German bankers: Guarantee on a Tata Letterhead, signed by the Chairman, was more valuable than any banker’s guarantee.
This story was narrated many, many years later, in the 1970s, by Directors of Krauss Maffei, to Arun Maira, then a senior Director of Tata Motors. Arun Maira is one of India’s most respected and distinguished business thinkers today. In a thoughtful article that he wrote for the Economic Times in 2005 (thank you, Mr. Maira, for this wonderful piece), he recollects how two elderly German gentlemen met him as part of a business transaction in Malaysia, jumped up, shook his hands, and wanted to express their deepest gratitude to him. They then narrated to him this fascinating story, which, they said, is now part of their Company’s folklore.
One interesting and unexpected sidelight of this story occurred when Tata Motors was asked to provide a legally binding financial guarantee in the 1970s, but this was rendered very difficult because of the Indian Government’s regulations at that time.

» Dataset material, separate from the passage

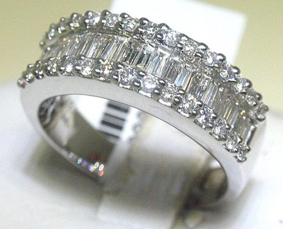 18KW 7.48GRMS LADIES RING WITH 0.68CT BAGET & 0.45CT ROUND DIAMONDS

In the 1970s, Tatas set up their first foreign production facility—an assembly plant for commercial vehicles in Malaysia—as a joint venture with Malaysian partners who were responsible for the financial and commercial management of the venture. Venture was not doing so well so Australian Banker wanted some guarantee to fund the venture further. So he visited India and met Tatas.
This would be a big blow to Tatas’ reputation but they were unable to remit any money on account of RBI’s restrictions. All Tatas could do was to give a one page letter of assurance that they would do their utmost by sending more managers to turn the company around.

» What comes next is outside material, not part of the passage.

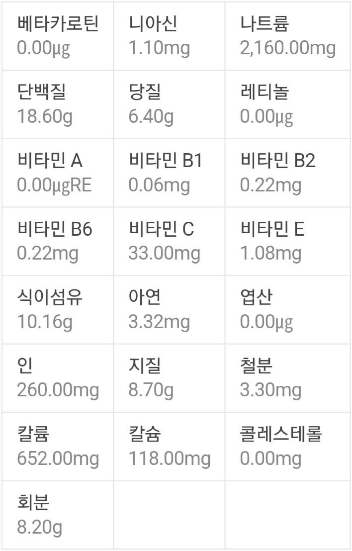 청국장 100g당 영양성분
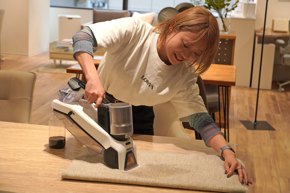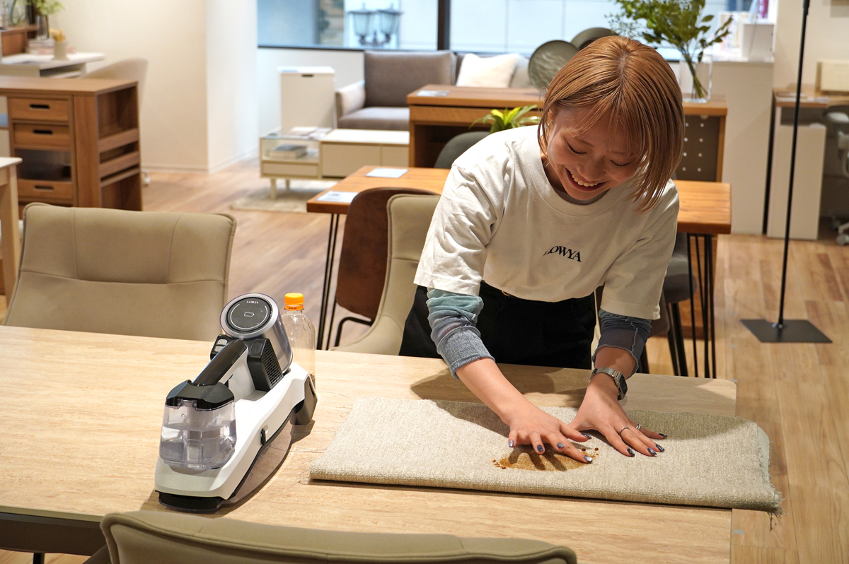 コードレスで使えるカーペットクリーナー(9990円)は、カーペットにうっかり落としたコーヒーやソースの汚れを吸引するもの。車のシートの掃除などにも使える。

The banker realized that was all that he could get but he wondered what that piece of paper and its assurance was worth. So he asked Deutsche Bank in Germany, who had been bankers to the Telco joint venture with Daimler Benz. The bank told him that a letter signed on the Tata letterhead by the Chairman/CEO of a Tata company was better than the financial guarantee of a bank!
I do not know what exact thoughts ran through the minds of Tata Directors in the 1950s before they sent that letter to Krauss Maffei, offering compensation where none was agreed upon or expected. But I think the Tata Group did this because it was the right thing to do.
The right thing to do is never defined by formal agreements or legal contracts alone. Neither is it defined by the expectations that others have of us. What is right is defined by our own high expectations of ourselves, by the culture of fairness and trust that we wish to establish. Are we being truly fair to the people and the Companies we work with? We always know, if we listen deeply enough to our inner voice, whether we are being totally fair and right.